I have two clients (separate docker containers) both writing to a Cassandra cluster.

The first is writing real-time data, which is ingested at a rate that the cluster can handle, albeit with little spare capacity. This is regarded as high-priority data and we don't want to drop any. The ingestion rate varies quite a lot from minute to minute. Sometimes data backs up in the queue from which the client reads and at other times the client has cleared the queue and is (briefly) waiting for more data.

The second is a bulk data dump from an online store. We want to write it to Cassandra as fast as possible at a rate that soaks up whatever spare capacity there is after the real-time data is written, but without causing the cluster to start issuing timeouts.

Using the DataStax Python driver and keeping the two clients separate (i.e. they shouldn't have to know about or interact with each other), how can I throttle writes from the second client such that it maximises write throughput subject to the constraint of not impacting the write throughput of the first client?

Solution

The solution I came up with was to make both data producers write to the same queue.

To meet the requirement that the low-priority bulk data doesn't interfere with the high-priority live data, I made the producer of the low-priority data check the queue length and then add a record to the queue only if the queue length is below a suitable threshold (in my case 5 messages).

The result is that no live data message can have more than 5 bulk data messages in front of it in the queue. If messages start backing up on the queue then the bulk data producer stops queuing more data until the queue length falls below the threshold.

I also split the bulk data into many small messages so that they are relatively quick to process by the consumer.
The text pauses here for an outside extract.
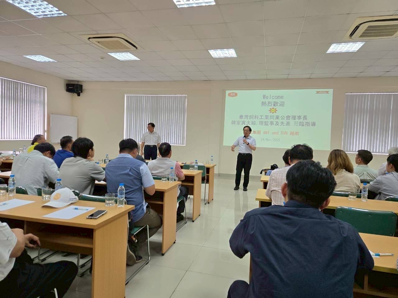 大成國際事業蘇孟治總經理說明目前產業情況,大成2024年畜產越南的市場總量為1,970萬噸(含契約800萬噸),越南目前政治相對穩定,經濟成長快速,政府開使重視人才教育。國際人均飼料:美國635kg、越南208kg、台灣290kg、中國158kg。人均總肉消費:美國100-110kg、越南40-50kg、台灣70-80kg、中國50-60kg。外資飼料企業占55%、集團養豬占50%、集團養蛋雞30%、白肉雞90%契約養殖。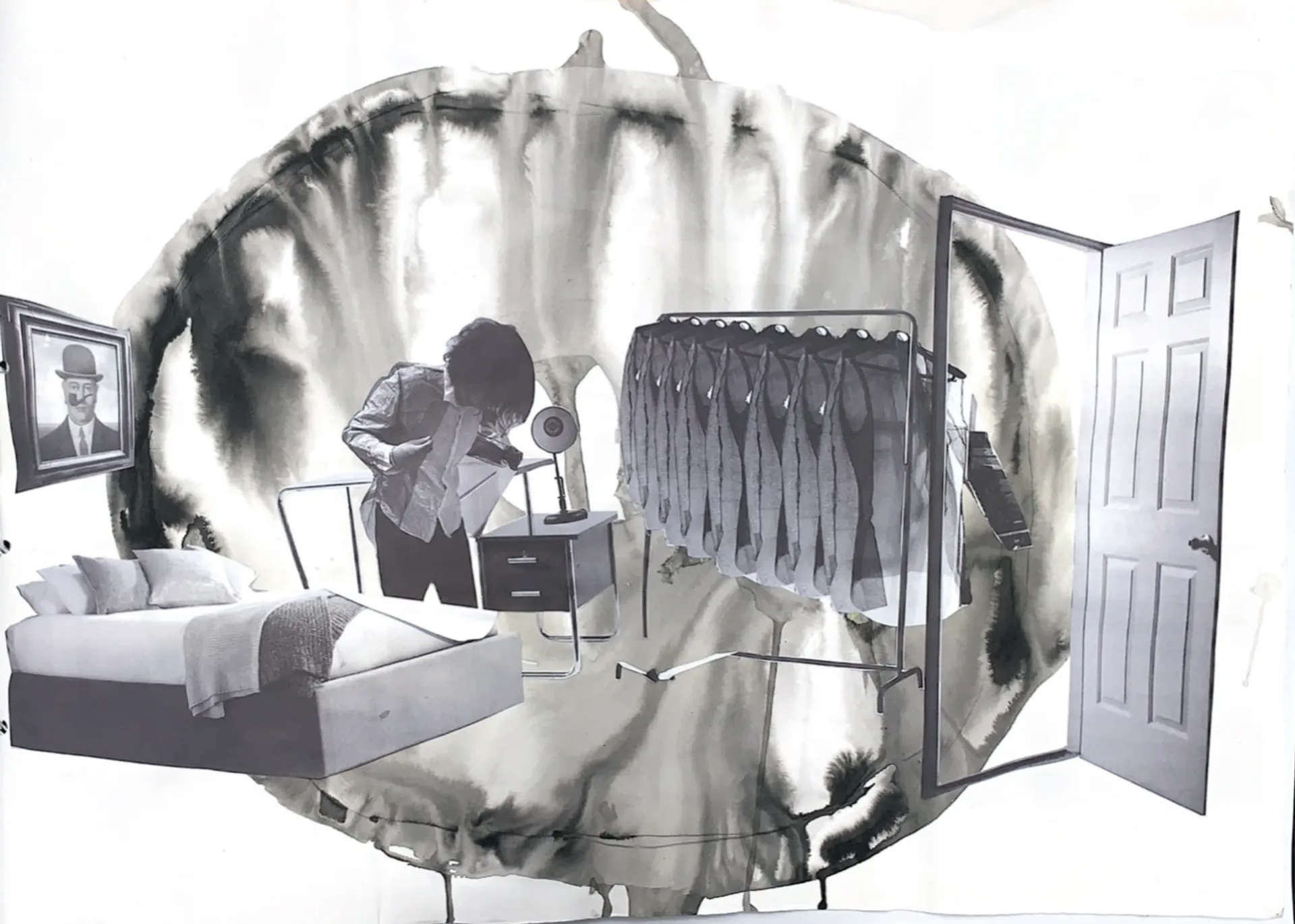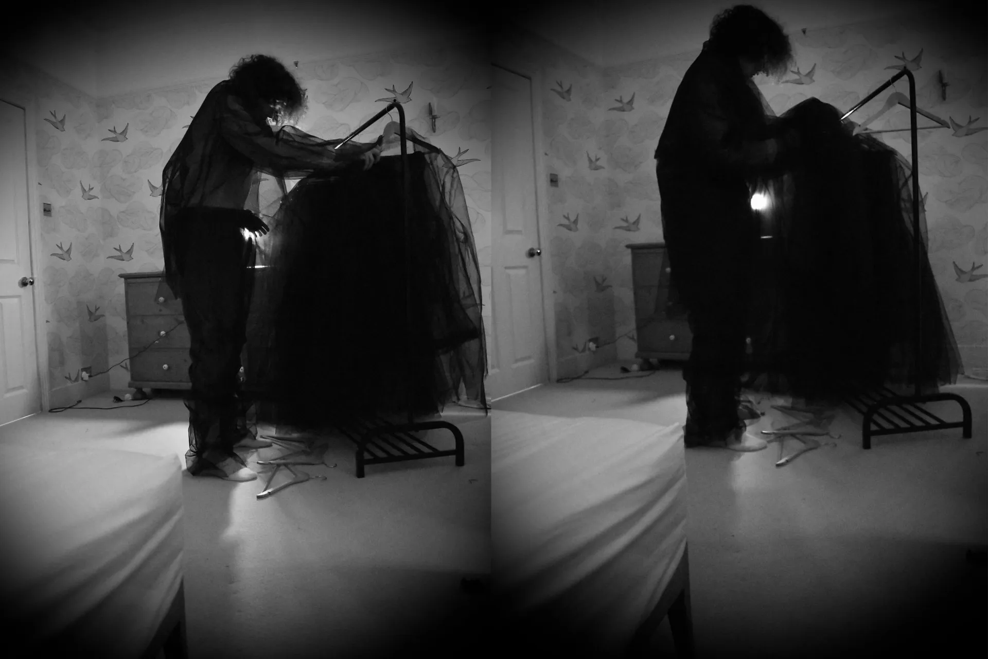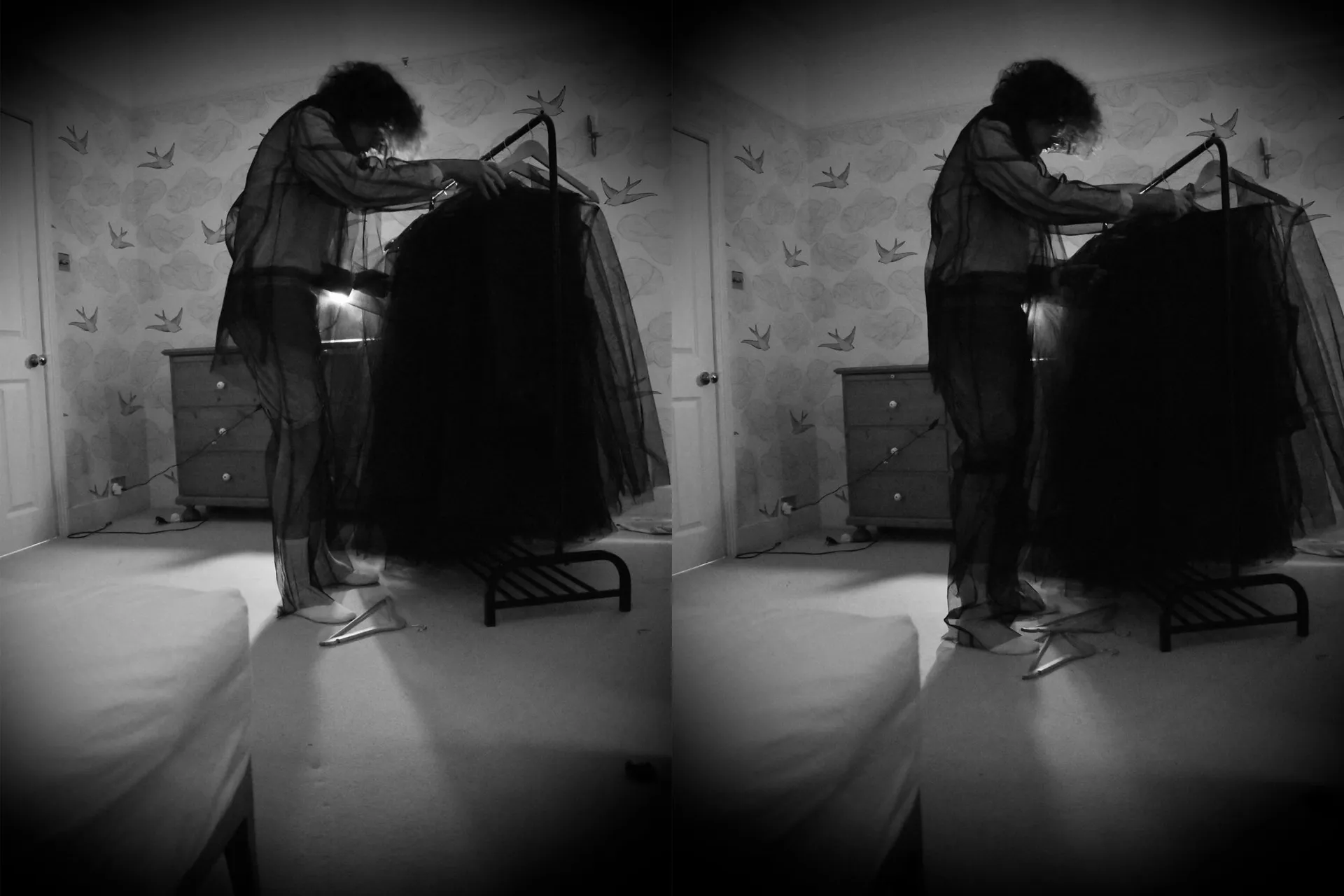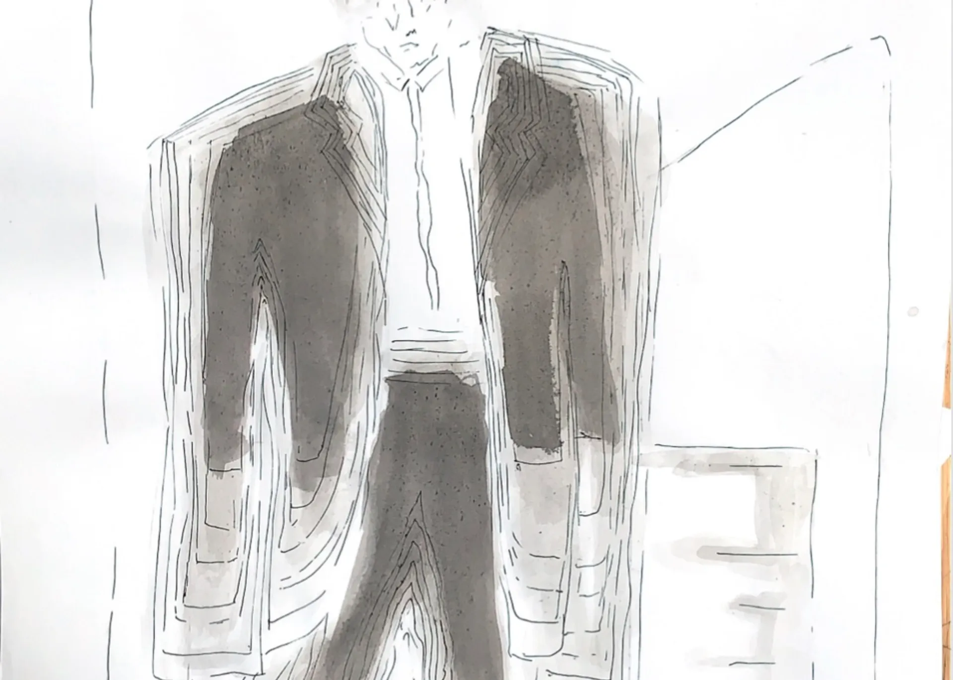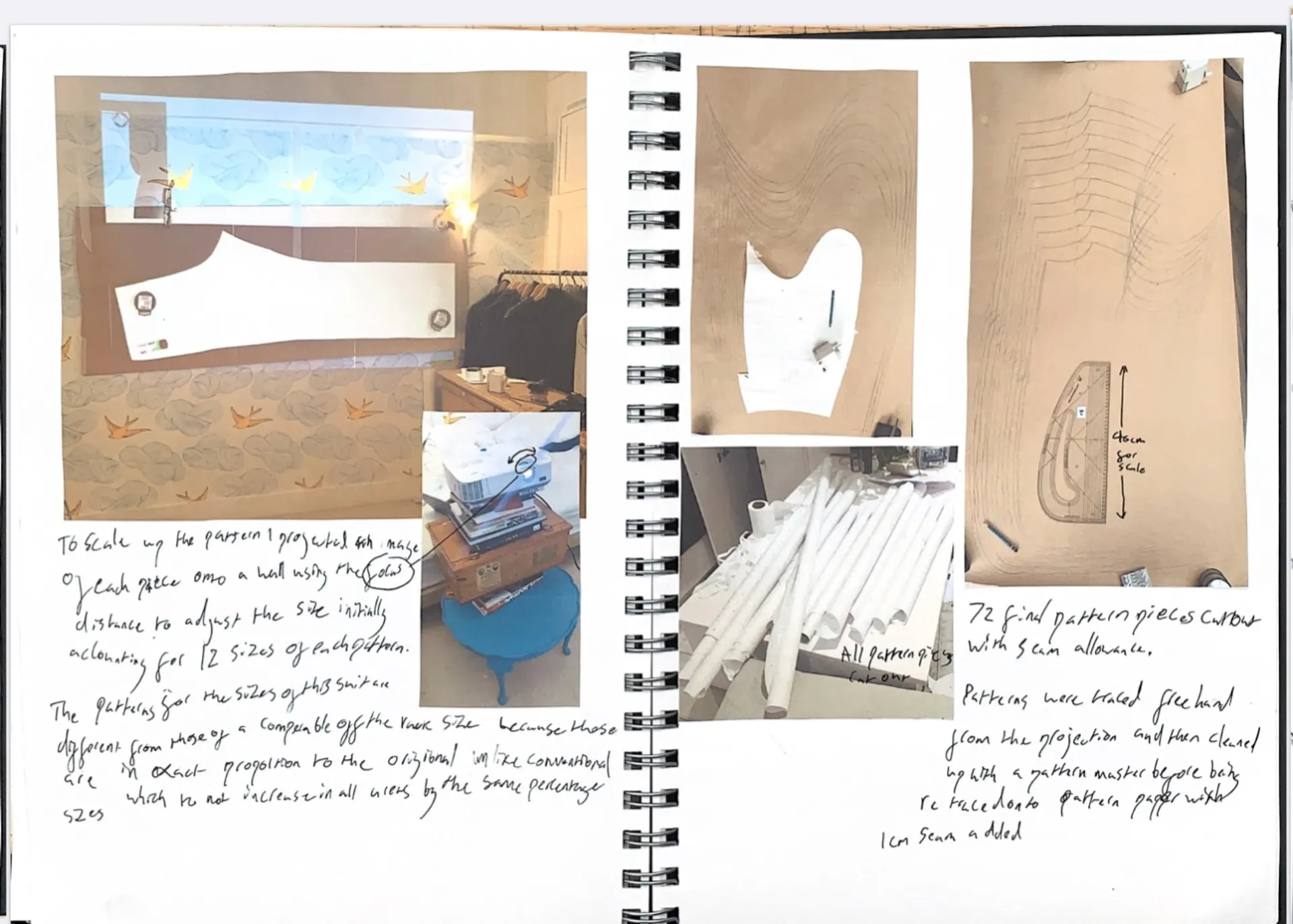 So often the suit used to hide something about the wearer, to present a false image of themselves to the world. My garment explores this dishonesty; it consists of 9 nearly transparent suits of increasing size layered one after the other until the become completely opaque

There are three disadvantages of this approach:

There is no visibility of how many queued messages are low priority and how many are high priority. However we know that there can't be more than 5 low priority messages.
The producer of low-priority messages has to poll the queue to get the current length, which generates a small extra load on the queue server.
The threshold isn't applied strictly because there is a race between the two producers from checking the queue length to queuing a message. It's not serious because the low-priority producer queues only a single message when it loses the race and next time it will know the queue is too long and wait.